If I had some experience, maybe I wouldn’t.

If I had some experience, maybe I could laugh it off.

Maybe standing in the room with a box of condoms that I bought while fantasizing about the man standing in front of me would feel like a funny little joke. Would feel like nothing, really.

His eyes are trained on the box of condoms. No longer on the closet at the back of the room which would give him access to the attic.

Does he want me? That simple question makes my heart beat faster.

His eyes meet mine, and I see something different there. Something intense. More than that, something determined and decided.

That night in the trailer after he won me, he went and laid on the bed and covered his face as quickly as possible. I couldn’t see his eyes. I couldn’t see his expressions. I assumed he didn’t want me because if he did, why wouldn’t he just have me?

Now I realize that I don’t know anything about him. Not what he wants, now or then.
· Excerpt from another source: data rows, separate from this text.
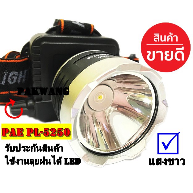 ไฟฉายคาดหัว แสงขาว ไฟฉายคาดศรีษะ ไฟส่องกบ แบตลิเทียม สวิตช์แบบหมุน หน้าโคมกว้าง 4 ซม PL PAE PL-5250 LED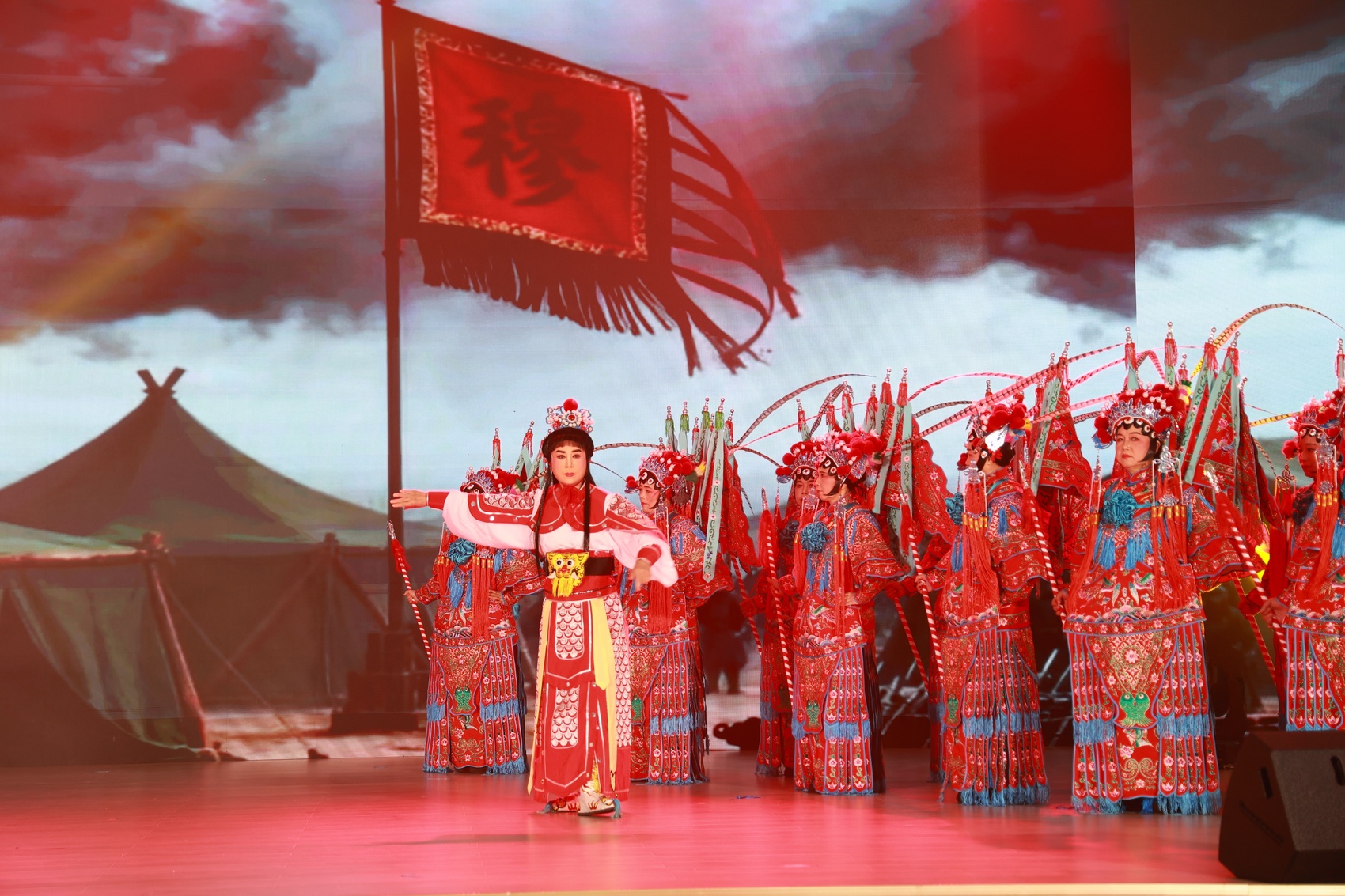 市级文化特派员况艳带领团队表演《穆桂英挂帅》。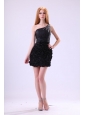 Black Column One Shoulder Sequined Prom Dress with Ruffles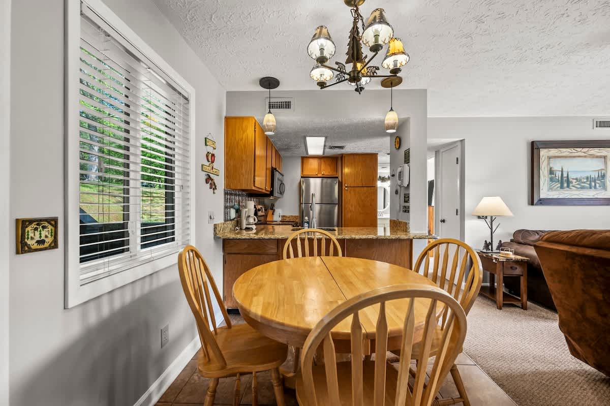 Step into this homey condo and enjoy the close-up mountain views of the GSM National Park! Featuring a fully-stocked kitchen ready for making meals, a king size bed, and cozy living room, it’s the perfect place to make mountain vacation memories.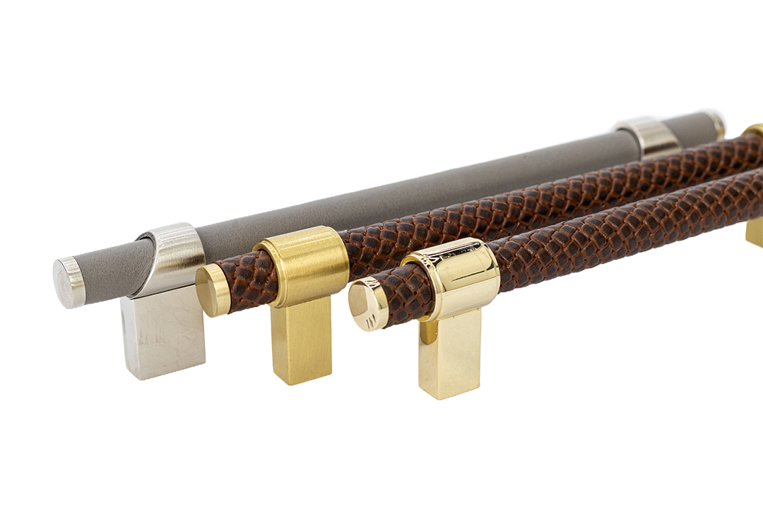 Keeler Brass Company’s Anthology series of architectural hardware gives clients the option to select each component— the bar, posts, finish and material—for a truly custom piece. Two new leather options have been added to the collection, a gray leather and a brown leather wrapped on the bias for a basketweave look.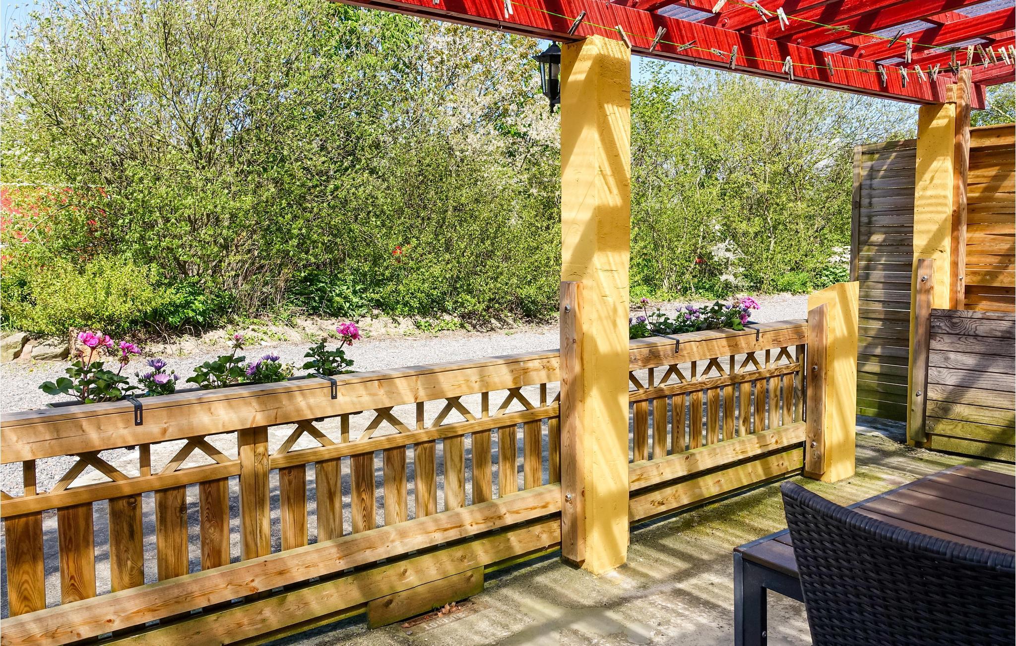 Gemütliche Ferienwohnung mit Holzbauweise, überdachter Terrasse und Gemeinschaftsgarten nahe kinderfreundlichem Strand.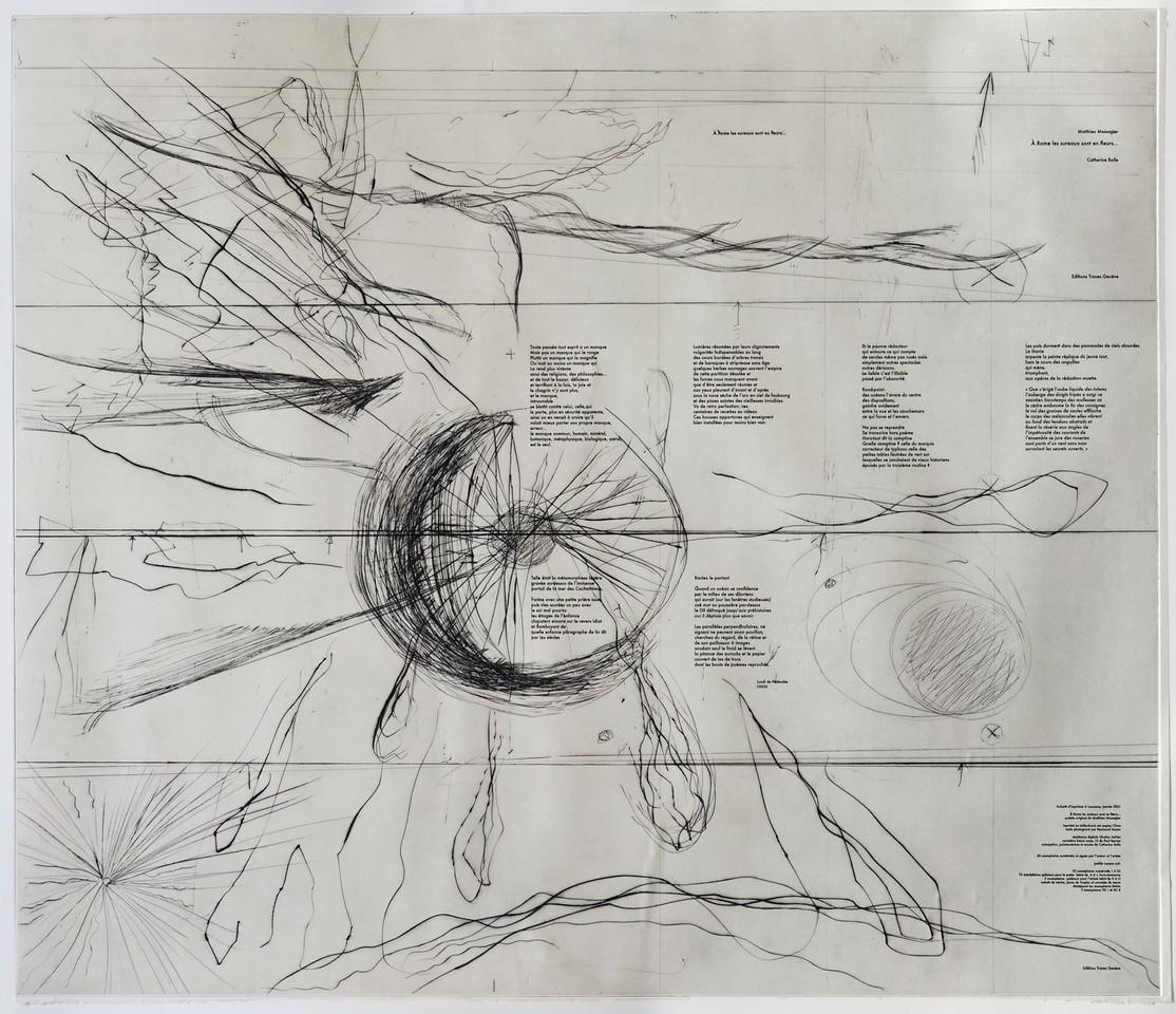 Les mots de Messagier s’adressent au visible et les dessins de Catherine Bolle à la visibilité qui résonnent dans l’espace et s’y établissent comme des « objets » concrets, tangibles.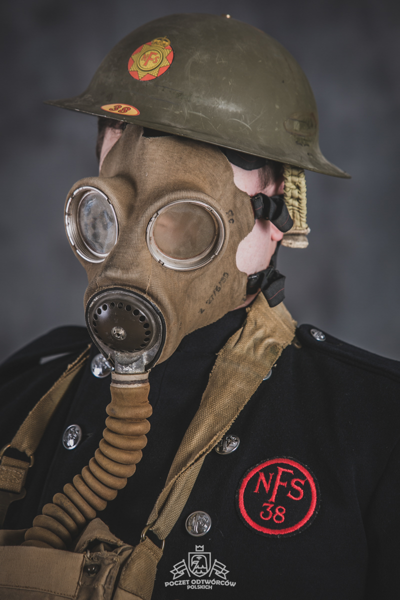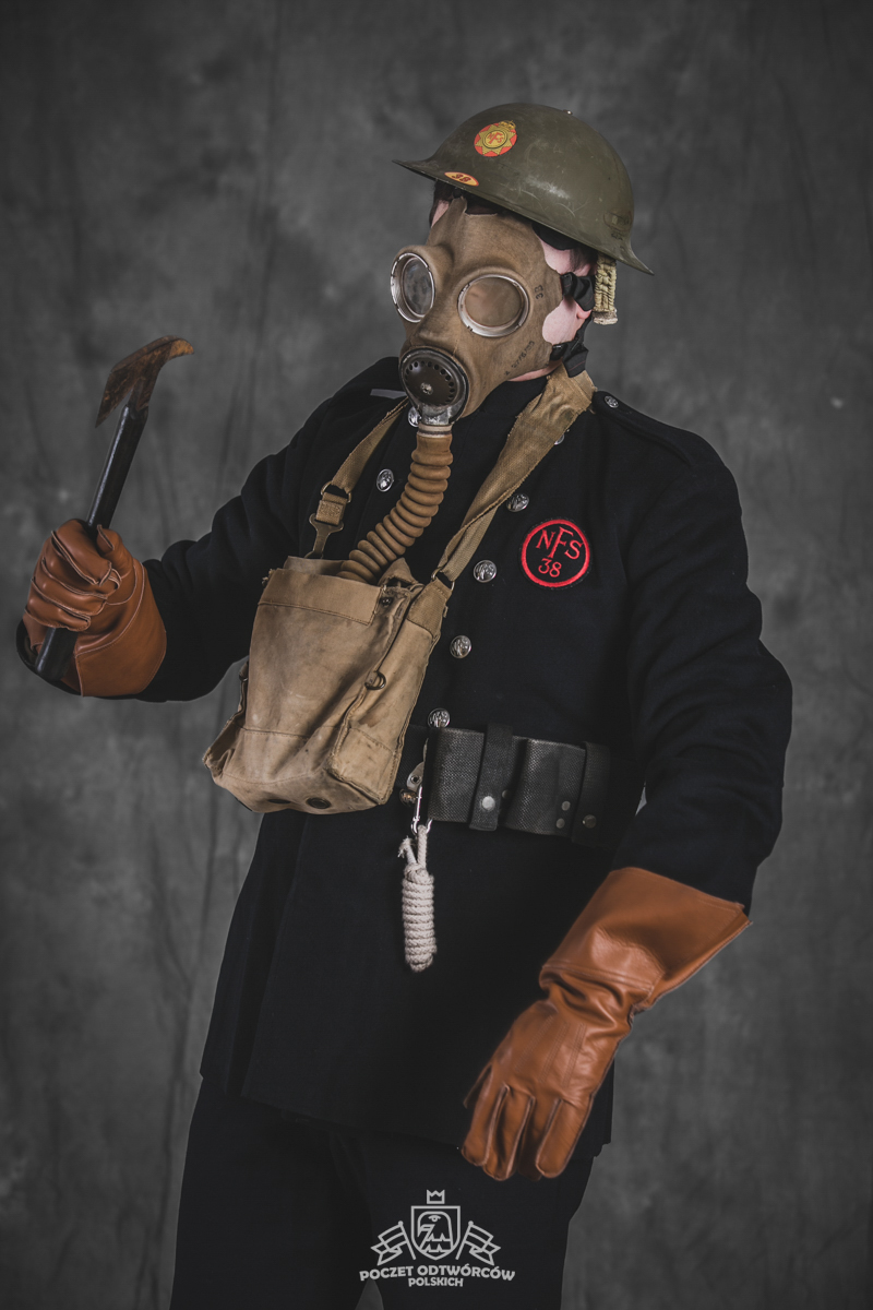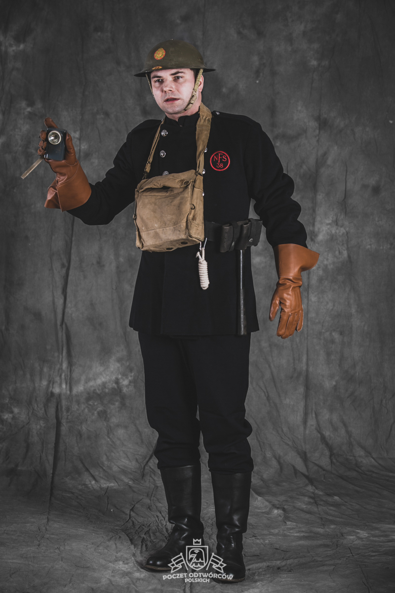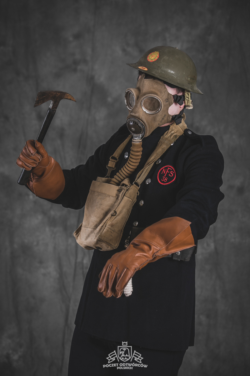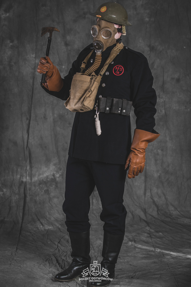 Pomalowany na zielono hełm Mk II z kalkomanią odznaki NFS oraz dystryktu ogniowego, w którym służy strażak (numer 38 oznacza Wimbledon w południowo-zachodnim Londynie). Granatowa dwurzędowa kurtka mundurowa uszyta z grubej wełny, zapinana na prawą stronę na 6 srebrzonych guzików z wystylizowanymi literami „NFS” oraz z naszytym na lewej piersi, haftowanym na czerwono emblematem NFS i numerem dystryktu ogniowego. Granatowe, wełniane spodnie oraz granatowa wełniana czapka z lakierowanym daszkiem i czerwoną lamówką oraz odznaką NFS. Wysokie skórzane buty z cholewami, w typie butów marynarskich – tzw. seabootsów lub saperek. Parciany pas główny z pięcioma oczkami do regulacji rozmiaru, zapinany na pojedynczy bolec, toporek z futerałem, zrolowana linka ratownicza, skórzane rękawice wzoru dla motocyklistów, maska przeciwgazowa typu Mk V w torbie. Wszystkie elementy umundurowania poza rękawicami są oryginalne.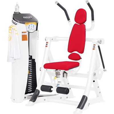 Силовой тренажер RS-1601 от Hoist используют для тренировки мышц пресса. Его конструкция позволяет избежать нежелательной нагрузки и растяжения мышц спины и бедра. Усиление воздействия на мускулатуру пресса происходит в результате подъема ног.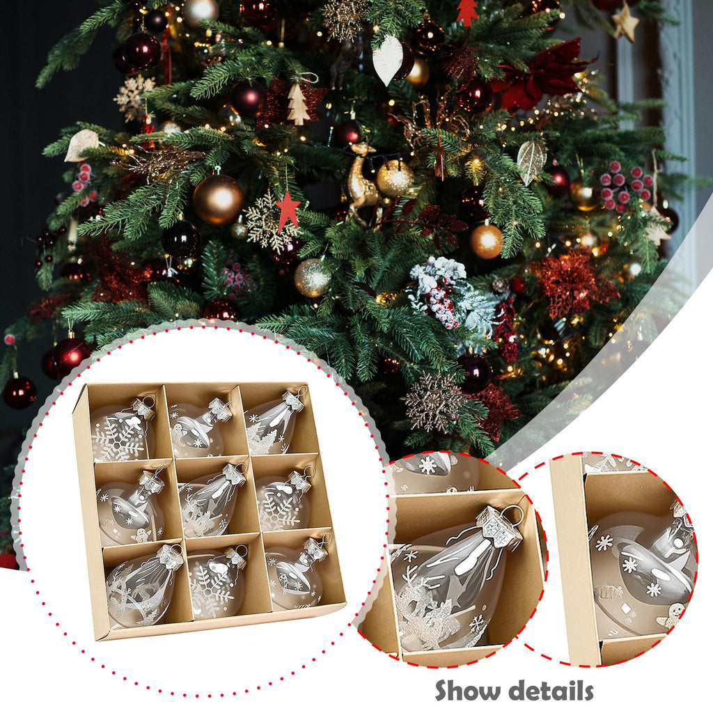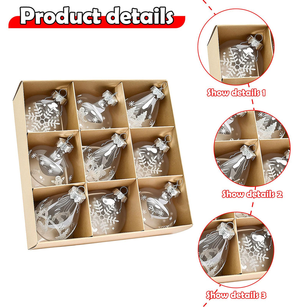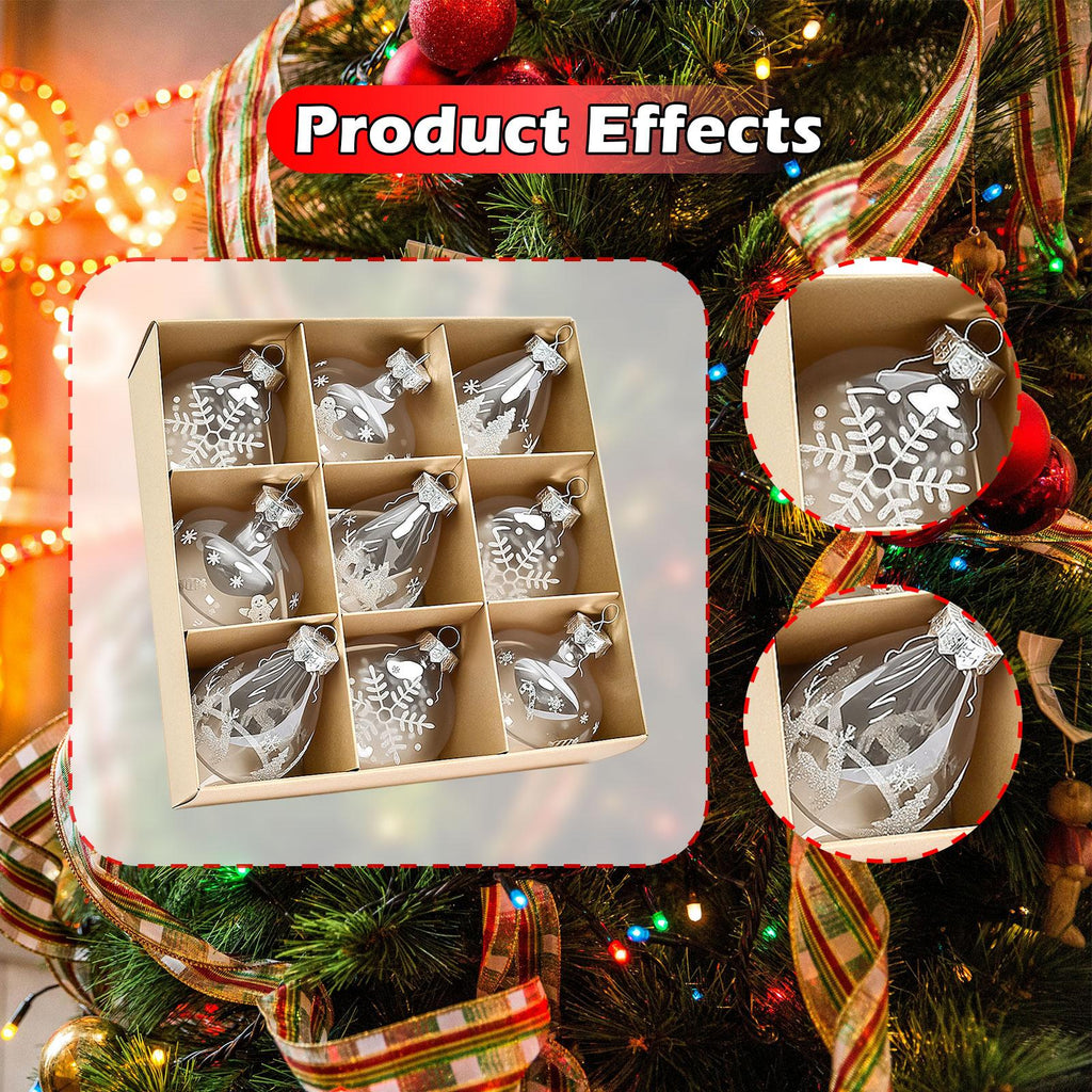 【Christmas Ornaments】: 1 box/9 pieces of Christmas ball ornaments with a hanging hole on the top, easy to hang, adding a strong festival atmosphere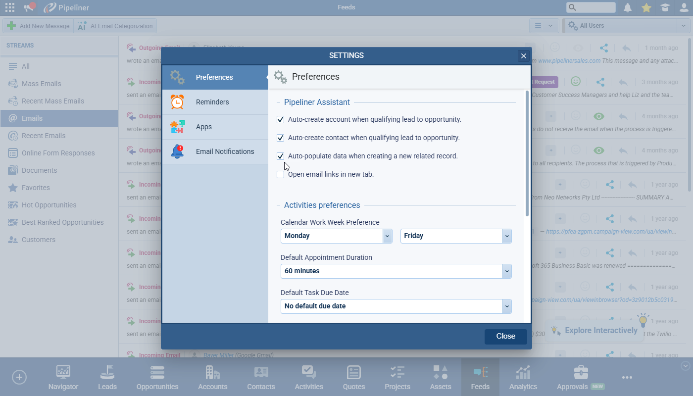 In User Settings, the setting “Auto-populate dataData Data is a set of quantitative and qualitative facts that can be used as reference or inputs for computations, analyses, descriptions, predictions, reasoning and planning. when creating a new AccountAccount Account refers to a record of primary and background information about an individual or corporate customer, including contact data, preferred services, and transactions with your company. or Contact” has been changed to “Auto-populate data when creating a new related record”. When enabled, this switch will now affect all prefills.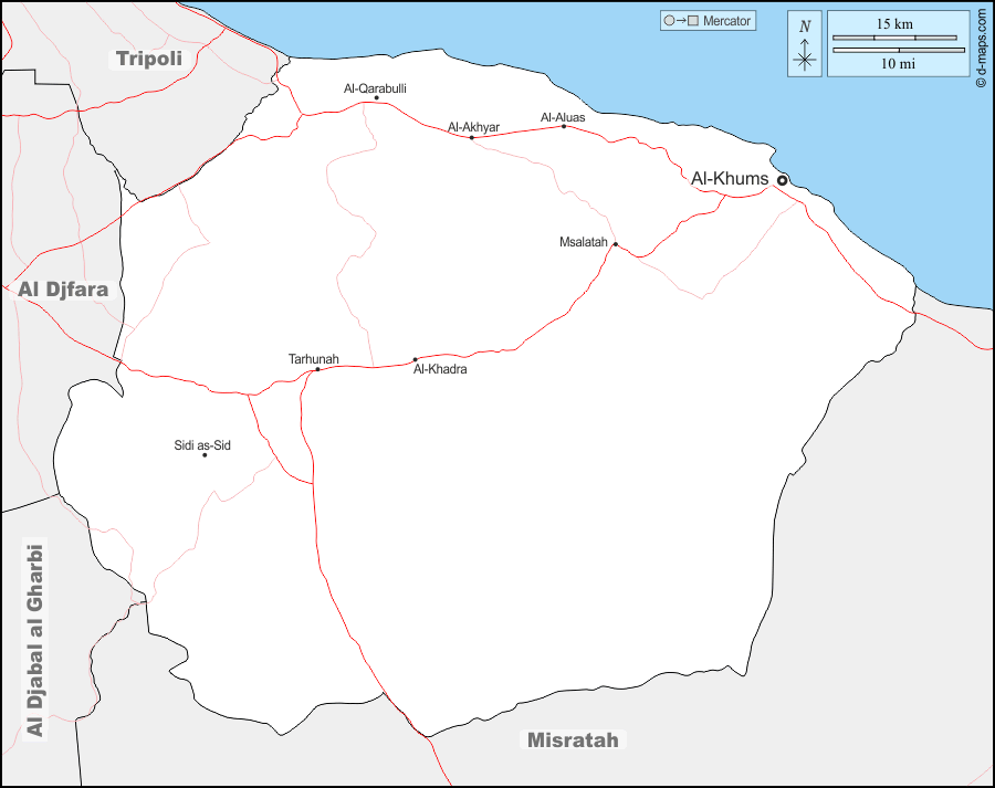 d-maps > अफ्रीका > लीबिया > मुर्कुब > सीमाओं, मुख्य शहरों, सड़कों, नाम

I don’t know what he looks like when he desires a woman, or what he does in a situation like this. My brain has created an entire legend of Maverick that it has decided is the truth.

A playboy who can have any woman he wants, based on nothing I’ve seen, but my own feelings about him. A man who decided he didn’t want me based on the fact that he didn’t rush to fuck me when I bet myself in a poker game.